* TASK DESCRIPTION
Repeat only part of the entries. Start at the line that has "Before you know" and keep going through the last line, exactly as given.
[GIVEN INFORMATION]
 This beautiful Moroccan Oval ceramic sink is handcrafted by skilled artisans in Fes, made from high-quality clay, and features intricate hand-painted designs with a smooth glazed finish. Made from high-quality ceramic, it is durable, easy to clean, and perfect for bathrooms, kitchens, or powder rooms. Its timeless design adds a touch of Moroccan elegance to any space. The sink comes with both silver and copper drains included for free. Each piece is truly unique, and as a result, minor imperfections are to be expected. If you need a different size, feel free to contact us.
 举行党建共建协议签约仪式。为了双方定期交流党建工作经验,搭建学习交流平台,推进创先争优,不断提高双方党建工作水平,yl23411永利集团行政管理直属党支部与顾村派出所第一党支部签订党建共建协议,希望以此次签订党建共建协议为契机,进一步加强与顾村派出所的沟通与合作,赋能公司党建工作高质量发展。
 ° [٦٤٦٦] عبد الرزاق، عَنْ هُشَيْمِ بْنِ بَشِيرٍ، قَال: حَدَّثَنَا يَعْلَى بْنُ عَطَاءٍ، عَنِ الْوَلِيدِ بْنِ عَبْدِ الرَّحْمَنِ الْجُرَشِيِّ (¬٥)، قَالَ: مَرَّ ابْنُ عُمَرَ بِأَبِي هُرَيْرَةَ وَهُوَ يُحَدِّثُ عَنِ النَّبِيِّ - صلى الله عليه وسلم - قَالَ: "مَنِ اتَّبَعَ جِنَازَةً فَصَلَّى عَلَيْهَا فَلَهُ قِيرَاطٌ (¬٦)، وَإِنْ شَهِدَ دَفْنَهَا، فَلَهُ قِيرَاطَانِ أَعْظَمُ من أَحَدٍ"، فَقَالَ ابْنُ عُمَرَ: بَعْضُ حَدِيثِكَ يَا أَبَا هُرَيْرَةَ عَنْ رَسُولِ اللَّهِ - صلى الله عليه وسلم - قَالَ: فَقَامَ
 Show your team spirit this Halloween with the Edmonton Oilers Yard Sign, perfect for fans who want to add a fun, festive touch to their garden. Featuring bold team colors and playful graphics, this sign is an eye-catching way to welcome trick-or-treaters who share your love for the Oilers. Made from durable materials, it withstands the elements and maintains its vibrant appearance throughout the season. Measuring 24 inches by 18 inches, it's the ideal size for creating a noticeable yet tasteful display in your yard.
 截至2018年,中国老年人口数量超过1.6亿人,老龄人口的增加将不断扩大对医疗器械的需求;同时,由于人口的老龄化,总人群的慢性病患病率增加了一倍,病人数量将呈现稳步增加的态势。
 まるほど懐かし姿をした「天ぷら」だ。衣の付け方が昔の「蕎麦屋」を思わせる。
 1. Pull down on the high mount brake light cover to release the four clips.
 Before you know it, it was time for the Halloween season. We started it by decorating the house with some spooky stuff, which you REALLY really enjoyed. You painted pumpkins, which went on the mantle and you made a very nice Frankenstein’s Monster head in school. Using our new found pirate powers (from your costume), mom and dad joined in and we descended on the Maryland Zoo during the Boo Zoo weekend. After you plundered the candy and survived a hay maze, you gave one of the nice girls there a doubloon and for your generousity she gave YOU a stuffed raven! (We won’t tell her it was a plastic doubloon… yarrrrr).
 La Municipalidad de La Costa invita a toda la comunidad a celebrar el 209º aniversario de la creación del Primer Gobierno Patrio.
[/GIVEN INFORMATION]
* SOLUTION FOR THIS EXERCISE
 Before you know it, it was time for the Halloween season. We started it by decorating the house with some spooky stuff, which you REALLY really enjoyed. You painted pumpkins, which went on the mantle and you made a very nice Frankenstein’s Monster head in school. Using our new found pirate powers (from your costume), mom and dad joined in and we descended on the Maryland Zoo during the Boo Zoo weekend. After you plundered the candy and survived a hay maze, you gave one of the nice girls there a doubloon and for your generousity she gave YOU a stuffed raven! (We won’t tell her it was a plastic doubloon… yarrrrr).
 La Municipalidad de La Costa invita a toda la comunidad a celebrar el 209º aniversario de la creación del Primer Gobierno Patrio.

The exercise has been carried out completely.